If the biological “clocks” – the genetic networks controlling circadian rhythms – present in virtually every cell of our body ticked out loud, would their sound amount to a chaotic cacophony or a harmonious hum?
Until several years ago, scientists thought that the master clock in the brain brought into line all the sections of the orchestra, from the head on down. In the past few years, however, studies have shown that clocks in other organs are sometimes out of step with the one in the brain, but these clocks were collectively viewed as a uniform group. A new Weizmann Institute of Science study reveals that there are “cross-rhythms” even within that group.
A research team headed by Prof. Gad Asher of the Biomolecular Sciences Department has shown that these clocks can, under certain conditions, behave more like a jazz band, in which different instruments break into their own rhythms.
Circadian clocks in the body respond to different cues – light, food, oxygen levels, stress – but they all rely on similar molecular machinery: a self-regulating network of several genes that shuts itself off when its gene expression exceeds a certain level. In the new study, doctoral student Gal Manella led experiments to test how clocks in different peripheral tissues and organs respond to the same circadian cue: food.
The researchers fed mice at unusual times and monitored the expression of all their genes to see how their peripheral clocks and rhythms responded to the different feeding schedules. In particular they wanted to check whether the clock in the liver, an organ that plays a central role in processing nutrients, regulated the clocks and rhythms in other peripheral tissues. To this end, they used transgenic mice that lacked the liver clock and compared the findings related to these mice with those from unmodified ones.
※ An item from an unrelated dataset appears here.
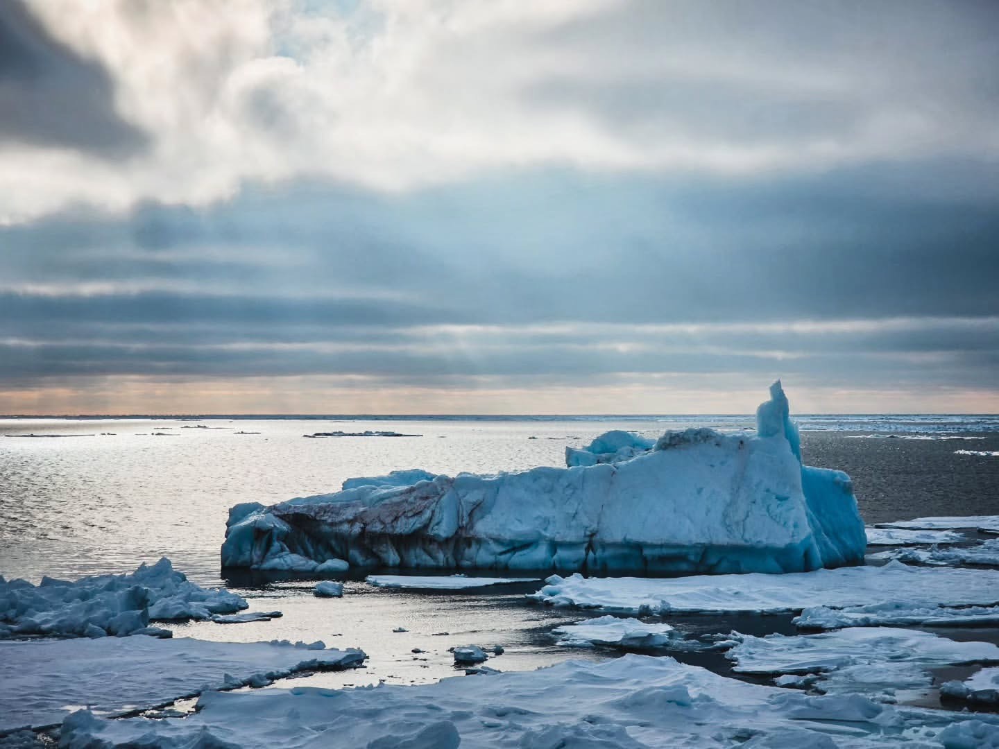 Vi lade oss till ro i isen och drev med strömmen över natten, medan färgstarka solnedgångar smyckade himlen.

The study revealed that the daytime feeding triggered a jam session of out-of-step rhythms in the peripheral clocks of the unmodified mice. The liver clock shifted its ticking by exactly twelve hours, in step with the shift in the feeding schedule, as did the clock in fat tissue. But overall, the clock in the liver didn’t set the pace for those of other organs.
Surprisingly, however, the scientists found that the liver clock did affect the rhythms of gene expression in other tissues, even without controlling their peripheral clocks. They thus concluded that the liver clock served as a buffering mechanism that protected various organs from nutritional disruptions, without connection to their clocks.
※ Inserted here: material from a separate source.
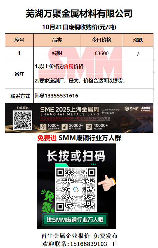 今日芜湖万聚金属 废铜采购报价已更新,有货的朋友欢迎联系我们!

The study’s findings may be relevant to a variety of situations in which the interaction between peripheral clocks and other rhythms in the body is disturbed. For example, understanding these interactions may help clarify the causes of an increased incidence of disease in shift workers, whose work patterns upset their circadian clocks. It might also help us understand the effects of diets that alter the timing of meals, such as intermittent fasting. And it might provide insights into metabolic diseases characterized by disrupted communication between body organs: high blood glucose, obesity, and other disorders collectively known as the “metabolic syndrome.”
The research team included Dr. Elizabeth Sabath, Dr. Rona Aviram, Vaishnavi Dandavate, Saar Ezagouri, Dr. Marina Golik, and Dr. Yaarit Adamovich, all of Weizmann’s Biomolecular Sciences Department.